What you should give back is every line from the one containing "Володин заявил, что" through the last line of the records below, word for word and without pictures.

Extracted records:
---

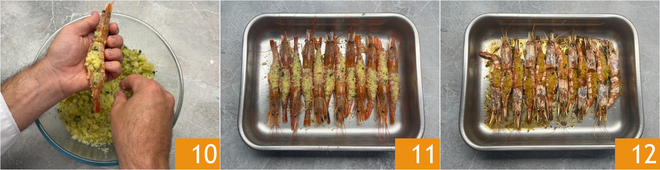 Füllen Sie die Riesengarnelen 10 und legen Sie sie mit der Panadenseite nach oben auf ein Backblech 11. Backen Sie bei 200°C für etwa 15 Minuten, bis sie vollständig goldbraun sind. Ihre gratinierten Riesengarnelen sind bereit zum Genießen 12.
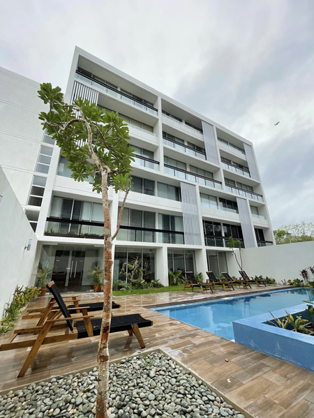 Es un desarrollo de 72 departamentos acomodadas en 2 torres gemelas que convergen en una zona de áreas comunes.
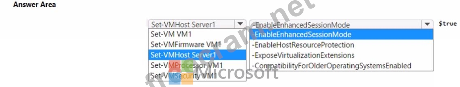 You have a server named Server1 that runs Windows Server and has the Hyper-V server role installed. Server1 contains a virtual machine named VM1 that runs Windows Server.
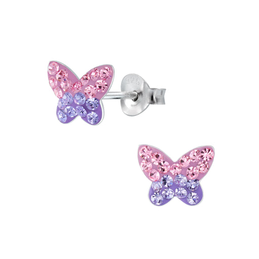Sterling zilver 925 vlinder oorbellen kristal roze paars. Materiaal : 925 sterling zilver Afwerking : E-coat Grootte: 8 mm x 9 mm Verpakt in een b...
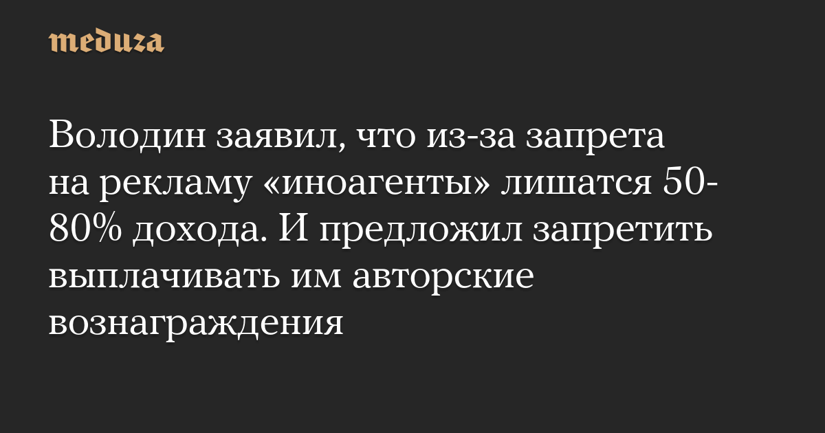 Володин заявил, что из-за запрета на рекламу «иноагенты» лишатся 50-80% дохода. И предложил запретить выплачивать им авторские вознаграждения
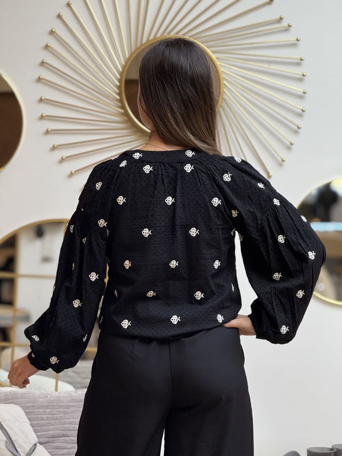- Blouse à manches longues fleurs bleu marine brodée
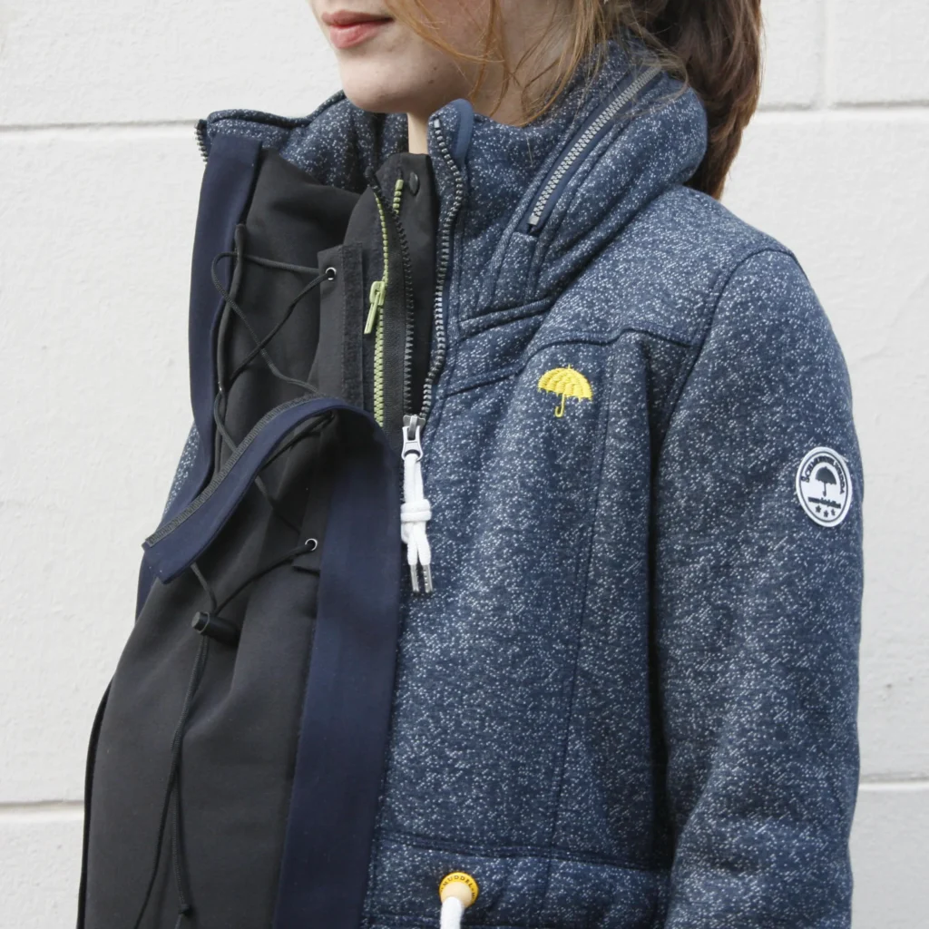 Sobald dein Baby auf der Welt ist, kannst du den Schwangerschaftseinsatz gegen den Babyeinsatz austauschen. So verwandelst du deine normale Jacke in eine praktische Tragejacke. Der Babyeinsatz bietet deinem Baby zusätzlichen Platz und schützt es vor Wind und Kälte.

---

Result of this task:
 Володин заявил, что из-за запрета на рекламу «иноагенты» лишатся 50-80% дохода. И предложил запретить выплачивать им авторские вознаграждения
- Blouse à manches longues fleurs bleu marine brodée
 Sobald dein Baby auf der Welt ist, kannst du den Schwangerschaftseinsatz gegen den Babyeinsatz austauschen. So verwandelst du deine normale Jacke in eine praktische Tragejacke. Der Babyeinsatz bietet deinem Baby zusätzlichen Platz und schützt es vor Wind und Kälte.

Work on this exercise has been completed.